TPGi emphasizes product managers’ oversight role without needing specialist status. “Product managers need not be accessibility specialists, but are ideally placed to oversee an accessibility strategy throughout the product development process,” states their guide. U.S. Digital Service’s Accessibility for Teams echoes this: Product managers communicate requirements early, assign responsibilities, and enforce accountability, per their resource.
Pragmatic Institute urges embedding accessibility in strategy: “Set accessibility goals as part of your product strategy,” from their article. Level Access warns against afterthoughts, noting remediation creates technical debt, in their agile guide.

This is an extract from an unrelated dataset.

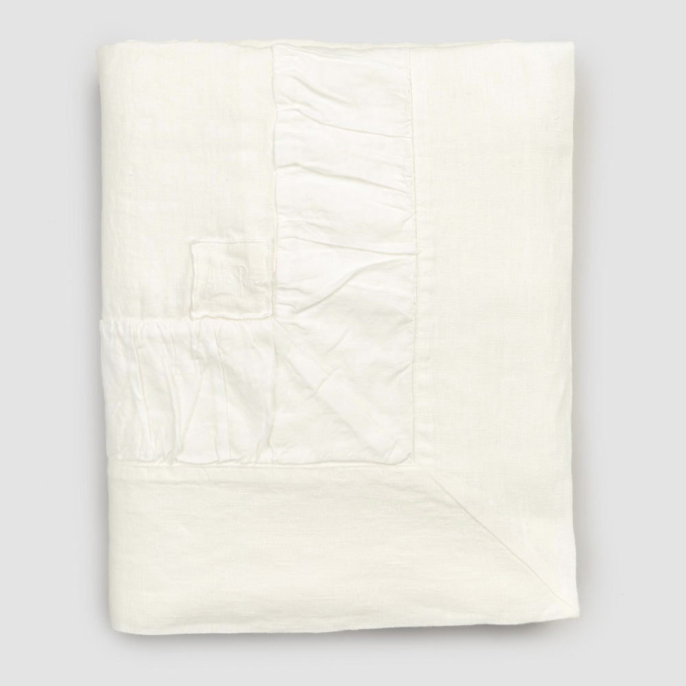 tovaglia in lino bianco rettangolare e impreziosita da cornice
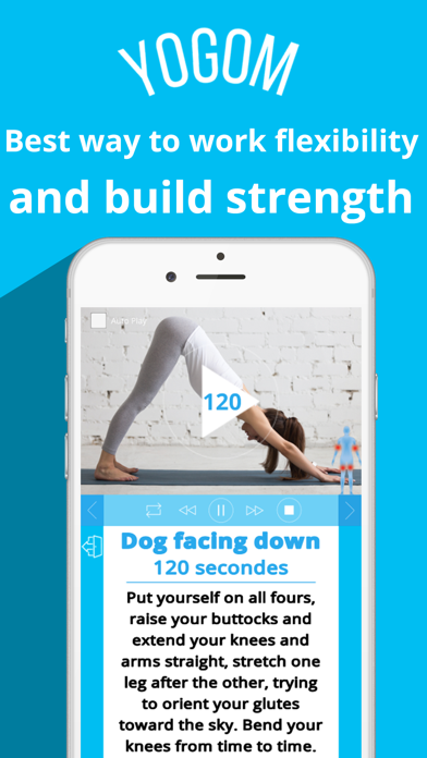 •••More than 2 hours of yoga with music, stopwatch function, pictures and descriptions of 77 postures organized in 2 programs.••• •HOW DOES THE APP WORK ? Thanks to its simple design navigation is very easy: you just need to launch the program of your choice and you will see a series of positions, illustrated with a picture and a description. We have even developed a stopwatch function to guide you and show you how long you should hold the positions. You can even break if you want to stay longer on a position, go back or move forward if a position seems too difficult, for example. Note also the small boutton Auto-Play on the top left of the screen: check it if you want the positions keep coming. We tell you which muscles each posture solicits. Please read the description of each position before doing it. Hold the position as long as you feel comfortable, if it takes too much on certain muscles stop. It is better to stay longer in a position without forcing. This is the principle of yoga : softly but deeply. •BEGINNERS PROGRAM : A beginner program combines restorative soft yoga postures and yin yoga for a period of 60 minutes. This program has been designed by our expert yogis. It will bring you deep relaxation, power and a great well-being feeling. Perfect to practice in the evening, before to go to bed or when you are stressed. It can be good to practice this program even for expert yogis because it restores the bodies in depth and provides a complementary practice to more powerfull or cardio yoga. •PRO PROGRAM : An intermediate level program designed for those of you who already practice yoga for some time ; Bodybuilding in depth, advanced postures. You want to progress ? This is the program for you. If you are unable to perform the positions, try the following or find a similar variation of the position to feel more comfortable . •••MUSIC••• The famous Manu Om is an expert yogi and composer of songs for yoga. We hope you enjoy his music specially created for the practice of yoga, meditation and devotional love to experience.

Regulatory Heat and Innovation Opportunities
Enforcement of the European Accessibility Act from June 2025, coupled with advocacy spotlighting non-compliance, elevates risks. Yet Farrell stresses the upside: “Organizations that treat accessibility as a source of innovation rather than a compliance burden will outcompete those stuck in remediation mode.” They seize share from underserved users and craft universally beneficial features.
On X, the Great Plains ADA Center highlighted SD Times’ piece: “Insightful article… about the importance of adding an Accessibility Product Manager to product development.” Level Access promoted operationalizing accessibility at scale in a TechDay byline. Deque Systems’ Senior Product Manager @theHarrisius discussed AI-human testing synergies at Axe-Con.
“The Accessibility Product Manager makes this transformation possible by giving accessibility the strategic attention it deserves,” Farrell concludes. “The companies that create this role now will build the inclusive products that define the next decade of software development.”